*** Opening of GIVEN INFORMATION ***

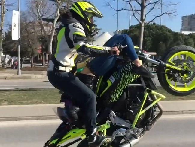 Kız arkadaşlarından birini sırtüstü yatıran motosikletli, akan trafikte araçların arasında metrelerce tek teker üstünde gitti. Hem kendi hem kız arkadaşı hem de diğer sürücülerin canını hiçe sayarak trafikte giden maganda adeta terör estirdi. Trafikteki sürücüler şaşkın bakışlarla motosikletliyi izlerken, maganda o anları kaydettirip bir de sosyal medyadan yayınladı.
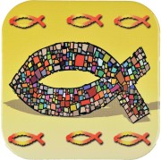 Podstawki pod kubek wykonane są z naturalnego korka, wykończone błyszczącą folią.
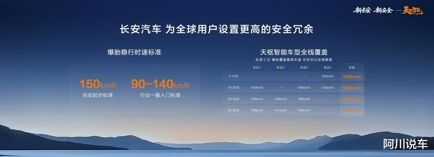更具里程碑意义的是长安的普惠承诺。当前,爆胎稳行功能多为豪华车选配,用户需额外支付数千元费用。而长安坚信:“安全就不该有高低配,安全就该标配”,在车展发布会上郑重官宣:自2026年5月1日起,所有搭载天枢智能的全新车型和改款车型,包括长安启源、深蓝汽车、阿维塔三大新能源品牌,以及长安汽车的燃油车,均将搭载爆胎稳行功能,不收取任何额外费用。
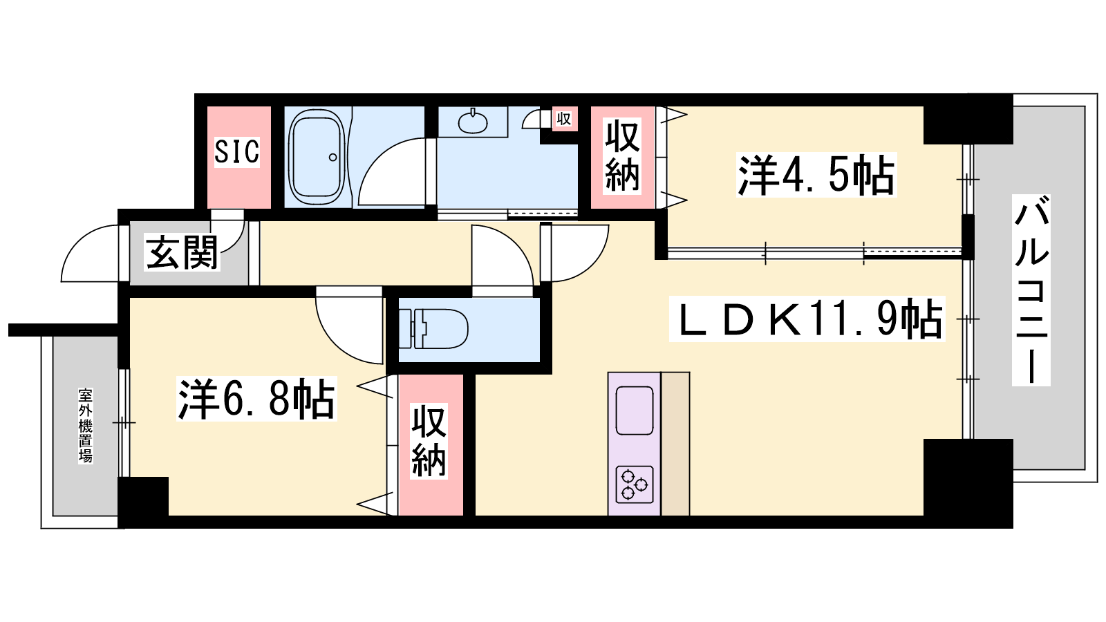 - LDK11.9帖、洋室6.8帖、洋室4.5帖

*** Close of GIVEN INFORMATION ***

▶ _WORK TASK_
In transcribing the listing, keep each word as it is and drop the pictures.

▶ _REPLY_
 Kız arkadaşlarından birini sırtüstü yatıran motosikletli, akan trafikte araçların arasında metrelerce tek teker üstünde gitti. Hem kendi hem kız arkadaşı hem de diğer sürücülerin canını hiçe sayarak trafikte giden maganda adeta terör estirdi. Trafikteki sürücüler şaşkın bakışlarla motosikletliyi izlerken, maganda o anları kaydettirip bir de sosyal medyadan yayınladı.
 Podstawki pod kubek wykonane są z naturalnego korka, wykończone błyszczącą folią.
更具里程碑意义的是长安的普惠承诺。当前,爆胎稳行功能多为豪华车选配,用户需额外支付数千元费用。而长安坚信:“安全就不该有高低配,安全就该标配”,在车展发布会上郑重官宣:自2026年5月1日起,所有搭载天枢智能的全新车型和改款车型,包括长安启源、深蓝汽车、阿维塔三大新能源品牌,以及长安汽车的燃油车,均将搭载爆胎稳行功能,不收取任何额外费用。
 - LDK11.9帖、洋室6.8帖、洋室4.5帖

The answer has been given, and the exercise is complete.